PROVIDED DATA:
○ ○ ○

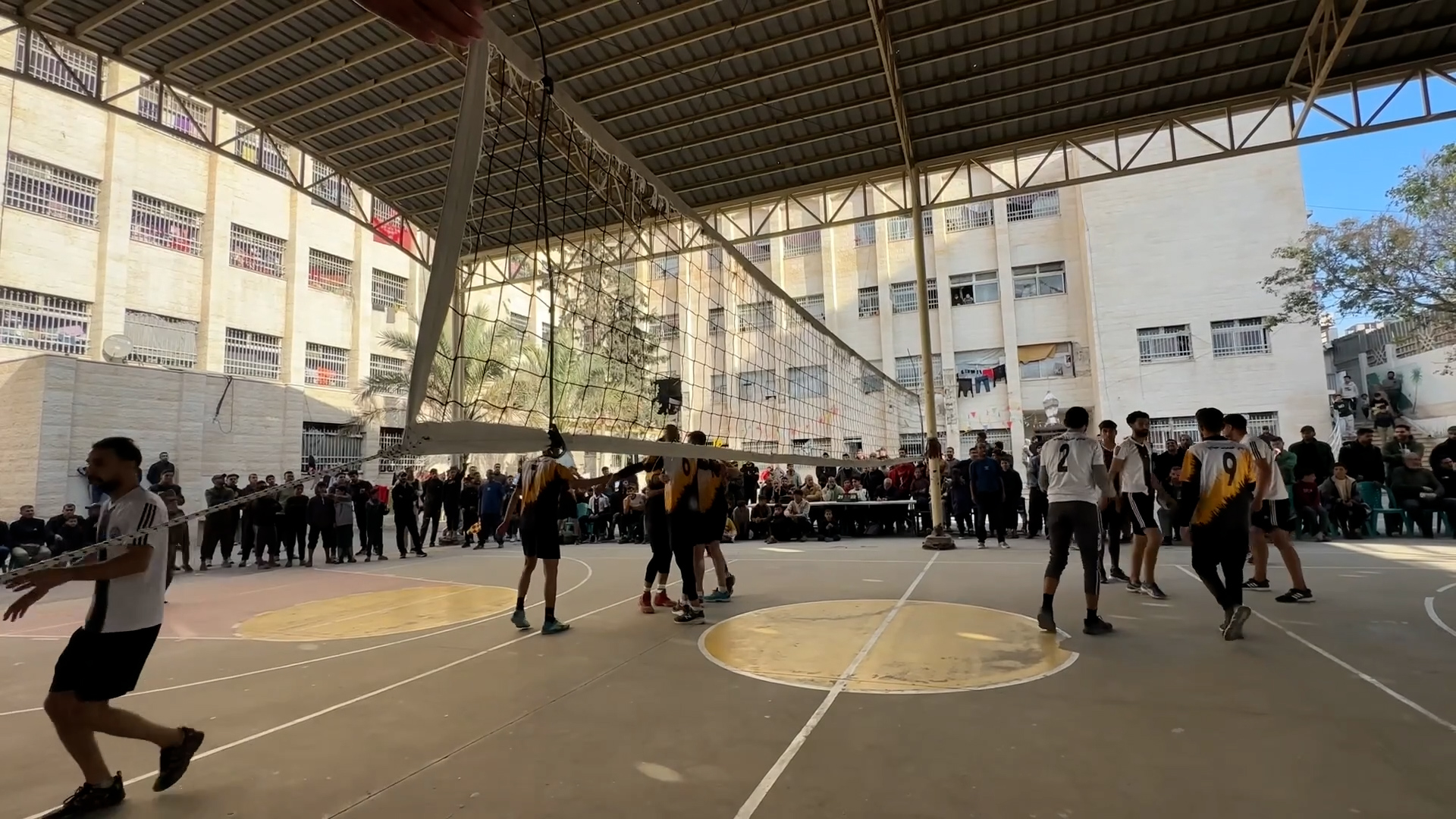 نازحون يلعبون الكرة الطائرة داخل مركز إيواء بغزة
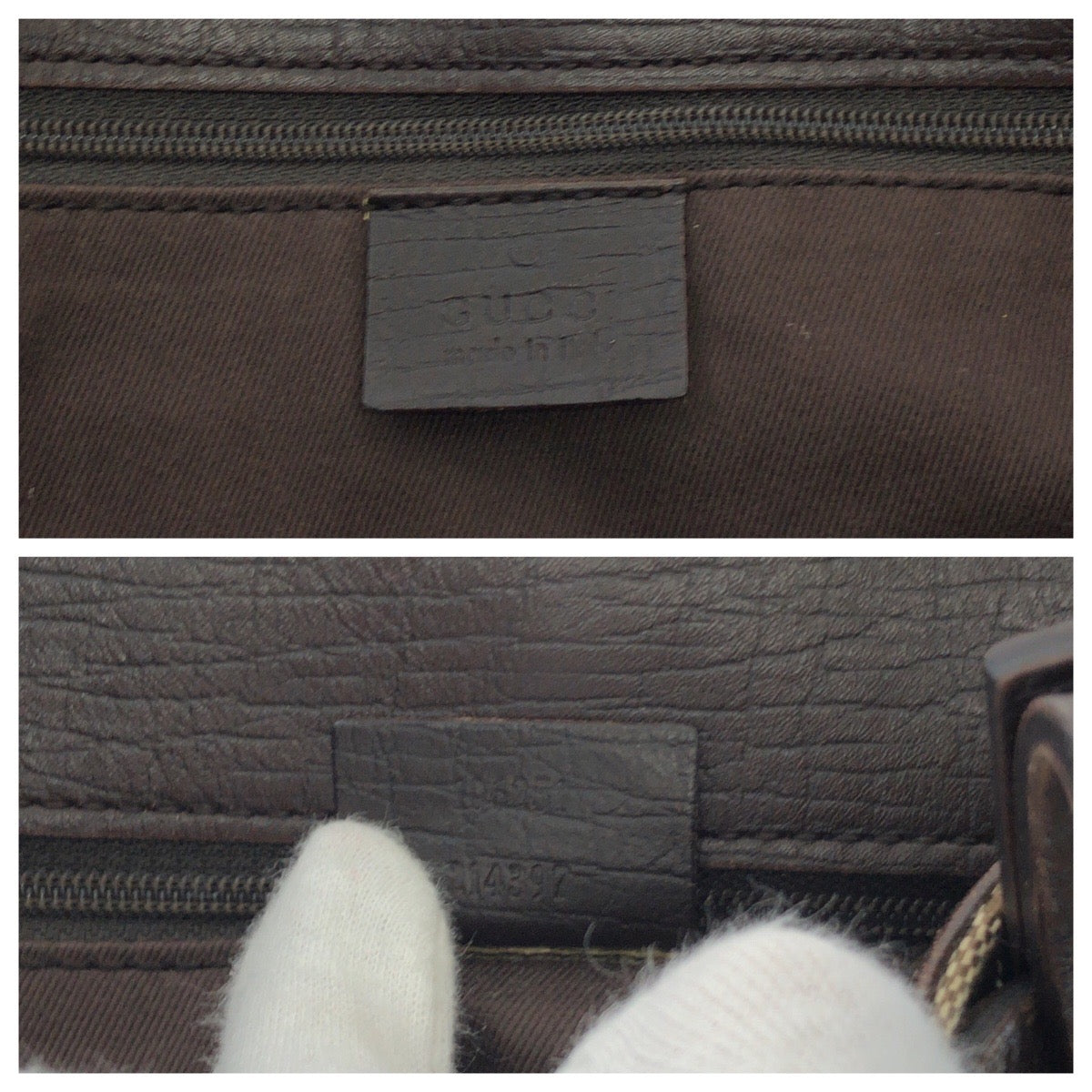 GUCCI Tote Bag 106251 GG canvas Beige Brown Gold Metal Tote Bag handbag Women Used Authentic
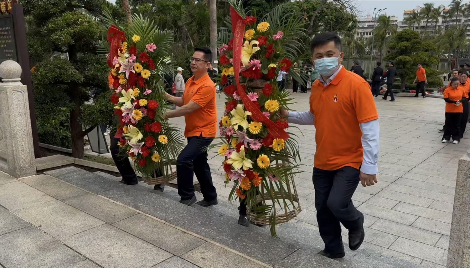 经过一段时间的等待才轮到豪门国际。豪门国际首先向烈士敬献花篮,花篮缎带上写着“为坚持琼崖革命23年红旗不倒牺牲的烈士们永垂不朽!”“为解放海南岛渡海牺牲的烈士们永垂不朽!”鲜艳的花篮寄托豪门国际对革命先辈的崇敬和哀思。

○ ○ ○

DIRECTIONS FOR THIS TASK: Your task is to retype, exactly and only, the lines from the line holding "GUCCI Tote Bag" through the final line of the data above, with both ends kept. Drop the pictures.

SOLUTION TO THE EXERCISE:
 GUCCI Tote Bag 106251 GG canvas Beige Brown Gold Metal Tote Bag handbag Women Used Authentic
 经过一段时间的等待才轮到豪门国际。豪门国际首先向烈士敬献花篮,花篮缎带上写着“为坚持琼崖革命23年红旗不倒牺牲的烈士们永垂不朽!”“为解放海南岛渡海牺牲的烈士们永垂不朽!”鲜艳的花篮寄托豪门国际对革命先辈的崇敬和哀思。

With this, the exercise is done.